# [What you have to do]
Your output should be the exact lines from the start of the data through the line containing "The Midnight Pin", with no pictures.

# [Records to process]
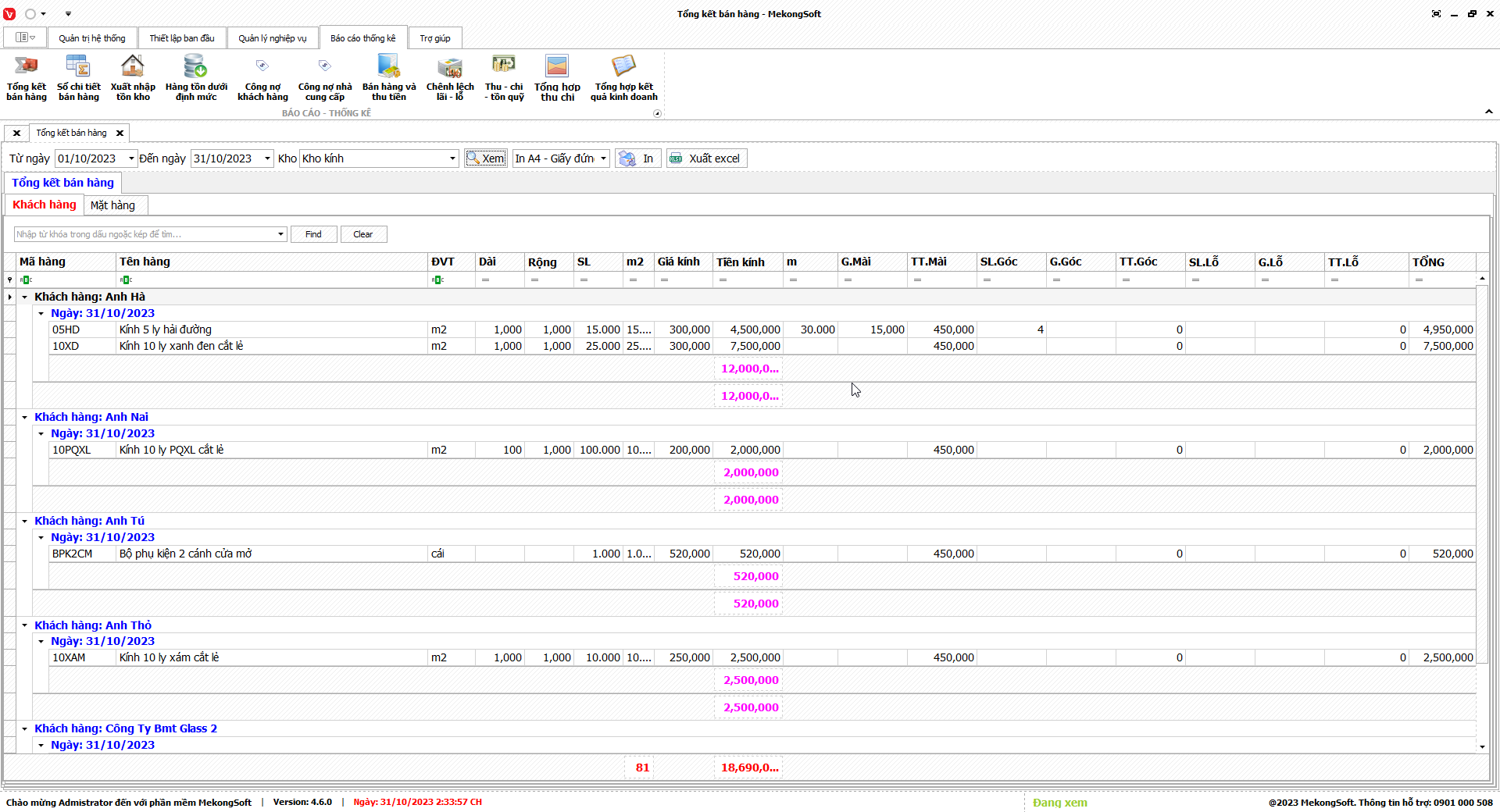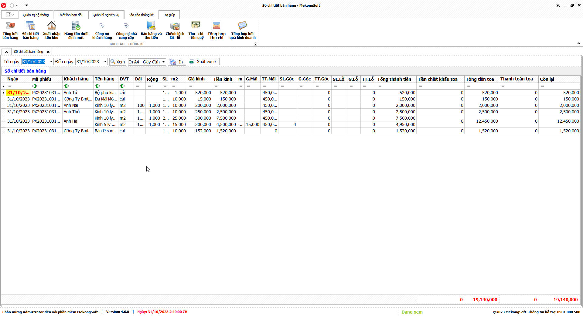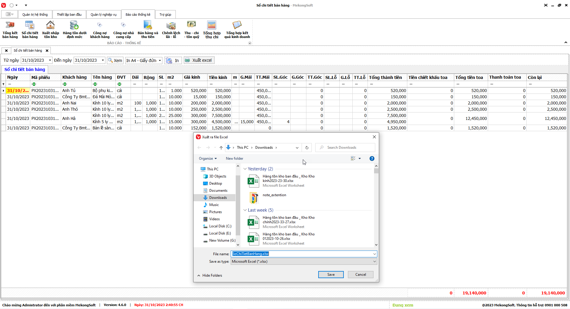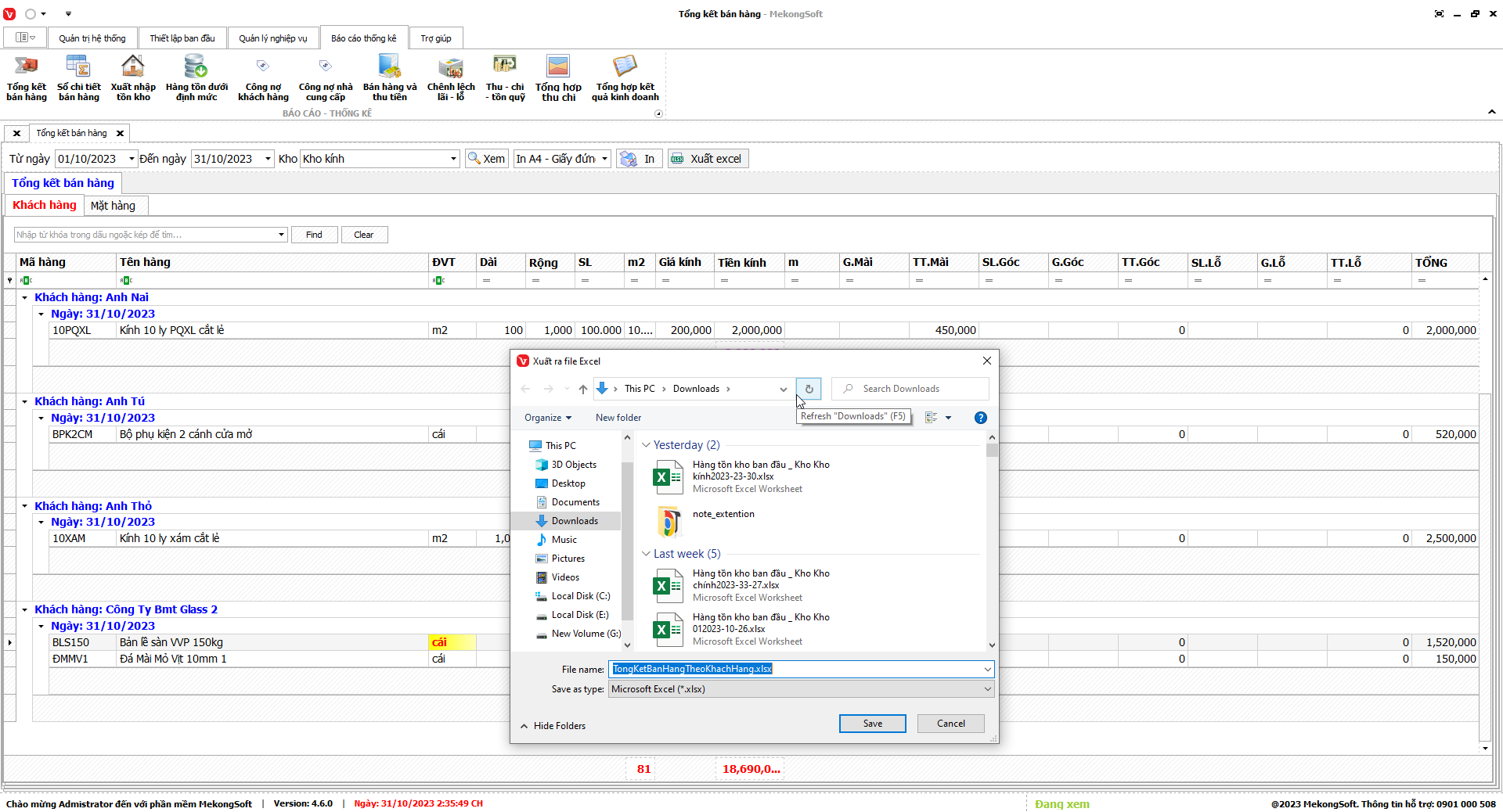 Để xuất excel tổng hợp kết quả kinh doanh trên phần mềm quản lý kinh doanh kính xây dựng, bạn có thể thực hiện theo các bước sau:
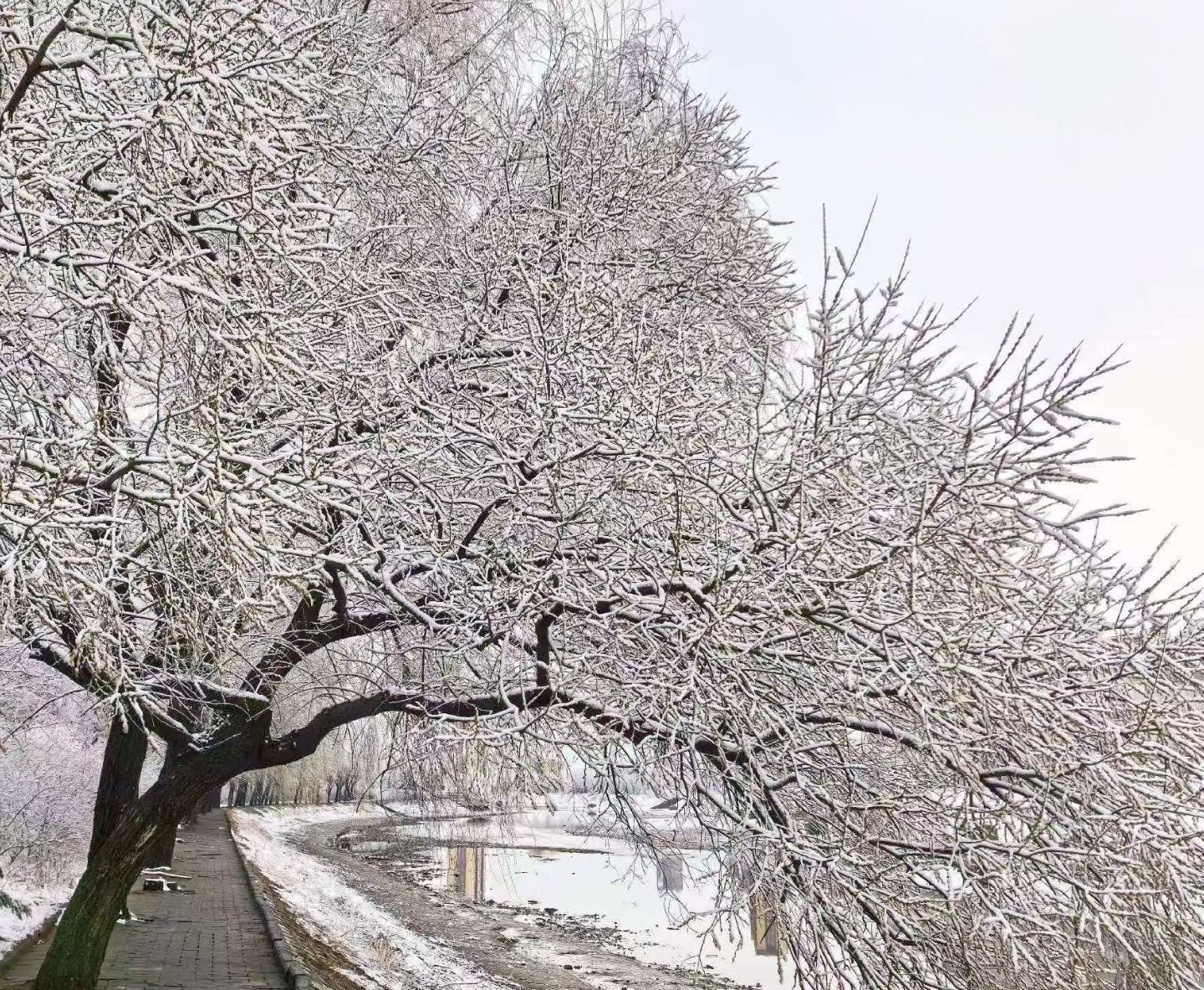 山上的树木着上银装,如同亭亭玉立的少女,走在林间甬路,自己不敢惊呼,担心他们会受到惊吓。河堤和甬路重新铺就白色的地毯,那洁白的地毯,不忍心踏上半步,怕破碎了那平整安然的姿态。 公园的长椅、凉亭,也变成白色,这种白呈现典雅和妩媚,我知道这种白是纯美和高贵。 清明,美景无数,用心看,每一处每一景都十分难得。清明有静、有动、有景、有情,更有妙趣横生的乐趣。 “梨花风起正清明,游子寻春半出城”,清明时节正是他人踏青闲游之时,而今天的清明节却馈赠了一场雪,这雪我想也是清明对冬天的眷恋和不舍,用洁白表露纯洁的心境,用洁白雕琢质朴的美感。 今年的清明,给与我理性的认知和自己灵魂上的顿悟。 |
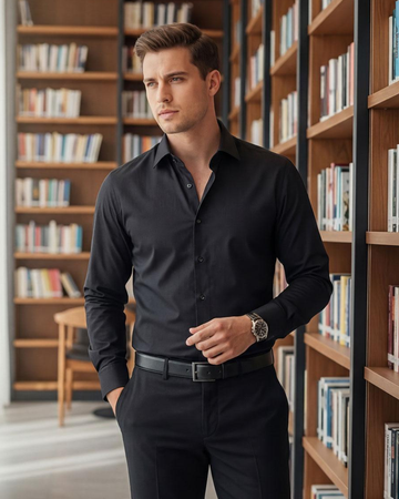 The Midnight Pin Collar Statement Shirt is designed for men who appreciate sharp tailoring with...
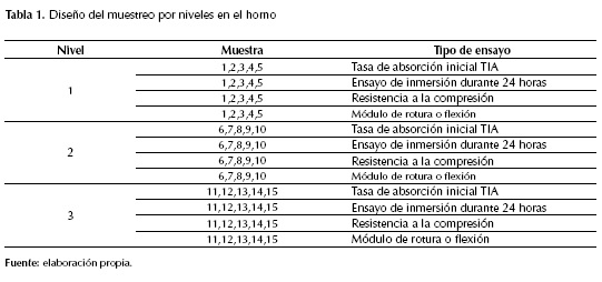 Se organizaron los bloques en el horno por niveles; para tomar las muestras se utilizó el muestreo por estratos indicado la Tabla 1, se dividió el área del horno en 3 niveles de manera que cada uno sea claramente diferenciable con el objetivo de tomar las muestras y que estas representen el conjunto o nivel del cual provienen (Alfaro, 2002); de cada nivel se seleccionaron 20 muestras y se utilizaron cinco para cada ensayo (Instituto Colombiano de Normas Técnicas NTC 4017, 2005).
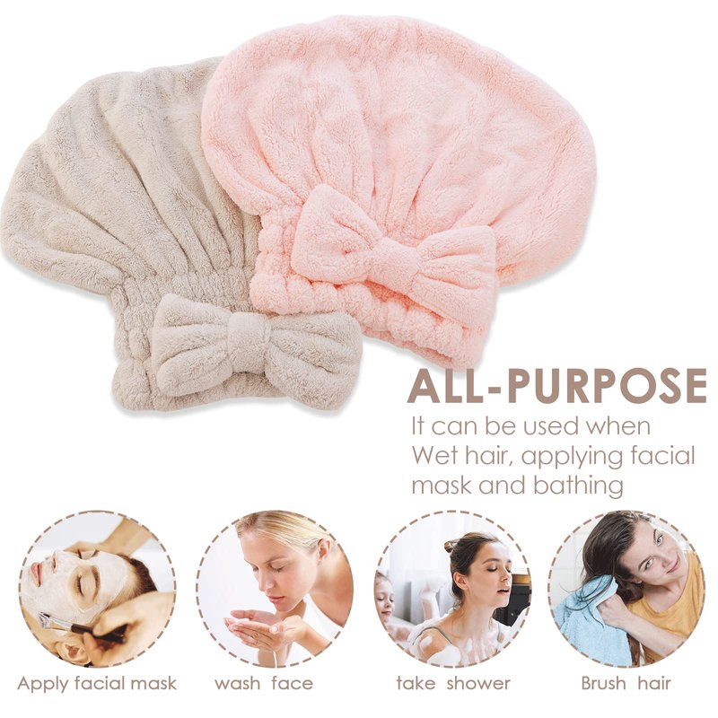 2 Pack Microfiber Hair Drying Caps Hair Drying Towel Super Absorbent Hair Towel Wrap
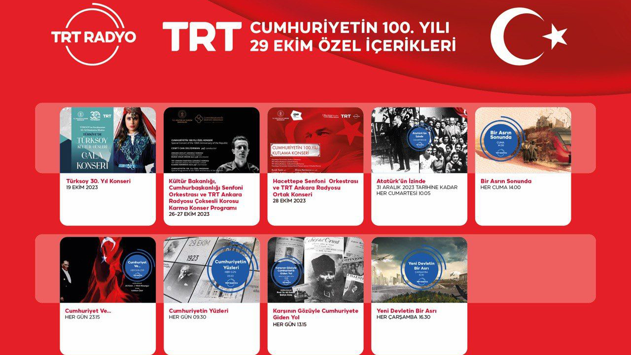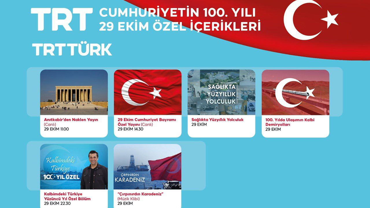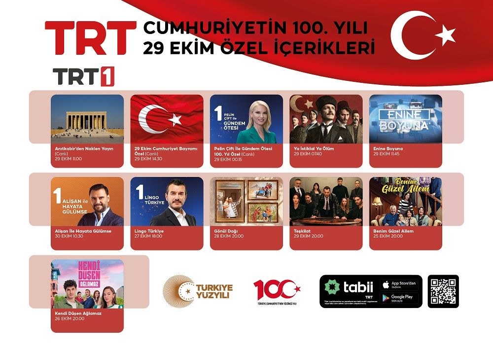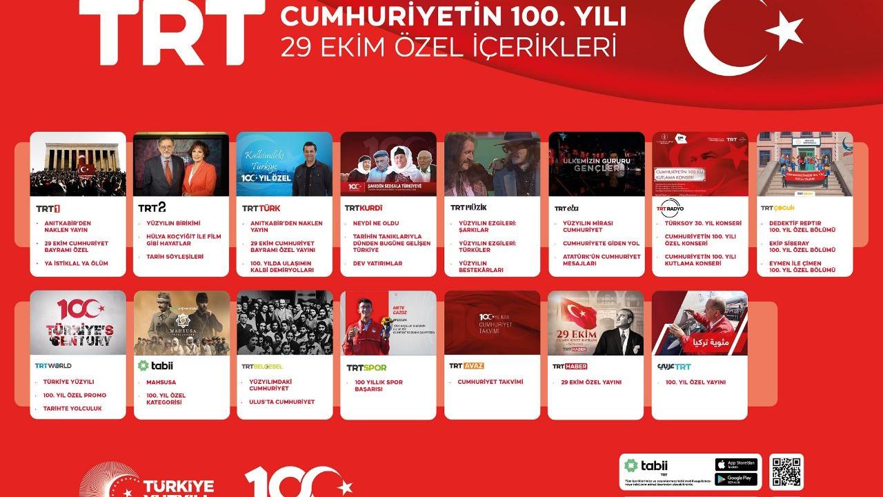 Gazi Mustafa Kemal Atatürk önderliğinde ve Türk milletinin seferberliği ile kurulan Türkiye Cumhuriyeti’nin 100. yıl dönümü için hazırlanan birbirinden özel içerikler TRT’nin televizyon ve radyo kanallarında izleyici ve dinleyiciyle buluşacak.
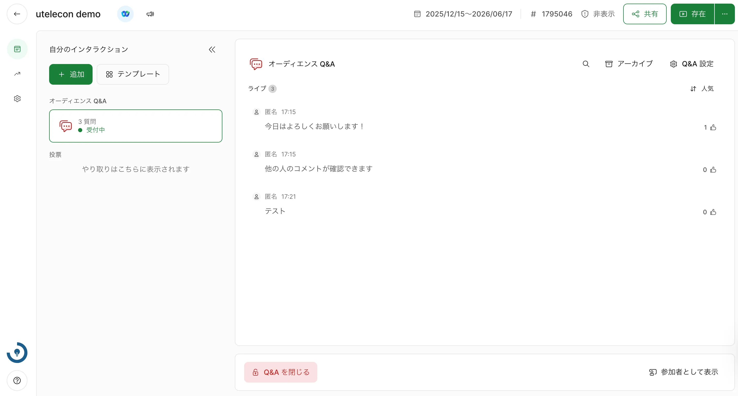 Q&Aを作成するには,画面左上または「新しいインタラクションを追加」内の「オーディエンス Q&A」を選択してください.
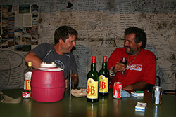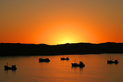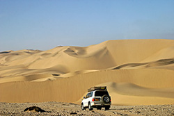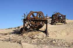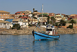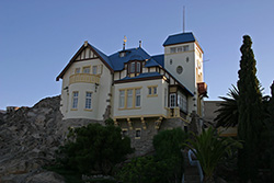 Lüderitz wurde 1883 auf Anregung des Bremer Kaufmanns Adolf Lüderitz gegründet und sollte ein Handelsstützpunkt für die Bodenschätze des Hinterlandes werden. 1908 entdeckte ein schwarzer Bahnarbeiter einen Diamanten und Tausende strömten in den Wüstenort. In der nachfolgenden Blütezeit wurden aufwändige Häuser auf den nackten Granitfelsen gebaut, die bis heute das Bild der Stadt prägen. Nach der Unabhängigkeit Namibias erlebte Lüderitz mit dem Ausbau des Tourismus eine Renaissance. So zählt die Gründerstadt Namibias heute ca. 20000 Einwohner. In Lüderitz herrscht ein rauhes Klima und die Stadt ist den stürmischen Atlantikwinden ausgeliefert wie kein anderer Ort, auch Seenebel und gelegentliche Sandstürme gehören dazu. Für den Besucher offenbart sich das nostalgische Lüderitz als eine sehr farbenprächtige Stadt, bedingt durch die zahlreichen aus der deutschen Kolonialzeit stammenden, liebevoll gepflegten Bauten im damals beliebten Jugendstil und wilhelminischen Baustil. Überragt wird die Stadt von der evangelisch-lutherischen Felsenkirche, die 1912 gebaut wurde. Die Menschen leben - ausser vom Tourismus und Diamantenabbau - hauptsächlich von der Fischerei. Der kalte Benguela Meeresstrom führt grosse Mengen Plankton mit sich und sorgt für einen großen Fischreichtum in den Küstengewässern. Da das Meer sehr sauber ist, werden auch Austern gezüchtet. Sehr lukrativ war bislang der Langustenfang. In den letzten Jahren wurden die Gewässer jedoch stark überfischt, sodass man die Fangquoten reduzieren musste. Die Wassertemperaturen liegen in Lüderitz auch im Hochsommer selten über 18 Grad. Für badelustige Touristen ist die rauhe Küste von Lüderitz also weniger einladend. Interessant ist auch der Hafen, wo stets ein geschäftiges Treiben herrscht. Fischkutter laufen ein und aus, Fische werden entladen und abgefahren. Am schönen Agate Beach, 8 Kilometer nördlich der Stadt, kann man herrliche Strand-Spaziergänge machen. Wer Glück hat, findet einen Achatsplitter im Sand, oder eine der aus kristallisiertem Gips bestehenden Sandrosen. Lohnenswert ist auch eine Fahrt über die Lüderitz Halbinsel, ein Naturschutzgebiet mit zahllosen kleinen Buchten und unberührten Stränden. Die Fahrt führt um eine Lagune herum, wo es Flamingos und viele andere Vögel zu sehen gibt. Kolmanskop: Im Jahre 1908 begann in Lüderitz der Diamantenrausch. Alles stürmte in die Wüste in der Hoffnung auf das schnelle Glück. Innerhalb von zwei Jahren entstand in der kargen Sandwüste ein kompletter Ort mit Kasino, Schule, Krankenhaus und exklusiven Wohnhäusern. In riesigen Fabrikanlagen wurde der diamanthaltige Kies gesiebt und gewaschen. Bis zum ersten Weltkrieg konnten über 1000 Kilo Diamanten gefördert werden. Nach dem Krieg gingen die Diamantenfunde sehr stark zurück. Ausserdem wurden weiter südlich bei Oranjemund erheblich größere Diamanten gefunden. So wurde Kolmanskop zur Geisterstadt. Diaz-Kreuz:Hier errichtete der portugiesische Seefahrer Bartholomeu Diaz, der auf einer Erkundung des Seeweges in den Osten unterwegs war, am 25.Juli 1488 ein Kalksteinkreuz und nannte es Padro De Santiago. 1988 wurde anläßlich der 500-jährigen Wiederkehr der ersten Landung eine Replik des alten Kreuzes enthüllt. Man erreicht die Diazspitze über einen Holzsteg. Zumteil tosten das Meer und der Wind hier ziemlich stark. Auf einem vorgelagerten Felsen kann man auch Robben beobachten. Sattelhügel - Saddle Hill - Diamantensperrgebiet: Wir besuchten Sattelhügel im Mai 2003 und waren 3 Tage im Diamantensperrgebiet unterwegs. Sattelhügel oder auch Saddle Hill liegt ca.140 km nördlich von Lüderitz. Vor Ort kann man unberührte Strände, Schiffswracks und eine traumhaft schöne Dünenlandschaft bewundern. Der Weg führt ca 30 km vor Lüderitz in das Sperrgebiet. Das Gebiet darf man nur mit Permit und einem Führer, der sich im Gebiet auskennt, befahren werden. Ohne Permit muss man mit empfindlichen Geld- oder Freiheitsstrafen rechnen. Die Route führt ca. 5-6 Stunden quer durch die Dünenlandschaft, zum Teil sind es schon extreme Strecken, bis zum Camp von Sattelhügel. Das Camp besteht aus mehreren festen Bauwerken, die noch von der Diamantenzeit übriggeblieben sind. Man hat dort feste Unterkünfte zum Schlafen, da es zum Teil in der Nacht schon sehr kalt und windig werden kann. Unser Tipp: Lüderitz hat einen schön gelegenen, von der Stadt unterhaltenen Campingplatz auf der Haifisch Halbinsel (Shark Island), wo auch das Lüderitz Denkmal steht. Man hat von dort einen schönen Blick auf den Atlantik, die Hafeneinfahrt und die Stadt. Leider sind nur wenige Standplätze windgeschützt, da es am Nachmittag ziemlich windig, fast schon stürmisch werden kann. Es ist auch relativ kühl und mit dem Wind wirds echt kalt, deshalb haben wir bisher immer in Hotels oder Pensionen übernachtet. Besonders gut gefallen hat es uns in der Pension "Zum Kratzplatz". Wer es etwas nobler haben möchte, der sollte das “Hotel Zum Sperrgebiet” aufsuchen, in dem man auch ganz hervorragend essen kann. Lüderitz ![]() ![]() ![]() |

# [Output for this exercise]
 Để xuất excel tổng hợp kết quả kinh doanh trên phần mềm quản lý kinh doanh kính xây dựng, bạn có thể thực hiện theo các bước sau:
 山上的树木着上银装,如同亭亭玉立的少女,走在林间甬路,自己不敢惊呼,担心他们会受到惊吓。河堤和甬路重新铺就白色的地毯,那洁白的地毯,不忍心踏上半步,怕破碎了那平整安然的姿态。 公园的长椅、凉亭,也变成白色,这种白呈现典雅和妩媚,我知道这种白是纯美和高贵。 清明,美景无数,用心看,每一处每一景都十分难得。清明有静、有动、有景、有情,更有妙趣横生的乐趣。 “梨花风起正清明,游子寻春半出城”,清明时节正是他人踏青闲游之时,而今天的清明节却馈赠了一场雪,这雪我想也是清明对冬天的眷恋和不舍,用洁白表露纯洁的心境,用洁白雕琢质朴的美感。 今年的清明,给与我理性的认知和自己灵魂上的顿悟。 |
 The Midnight Pin Collar Statement Shirt is designed for men who appreciate sharp tailoring with...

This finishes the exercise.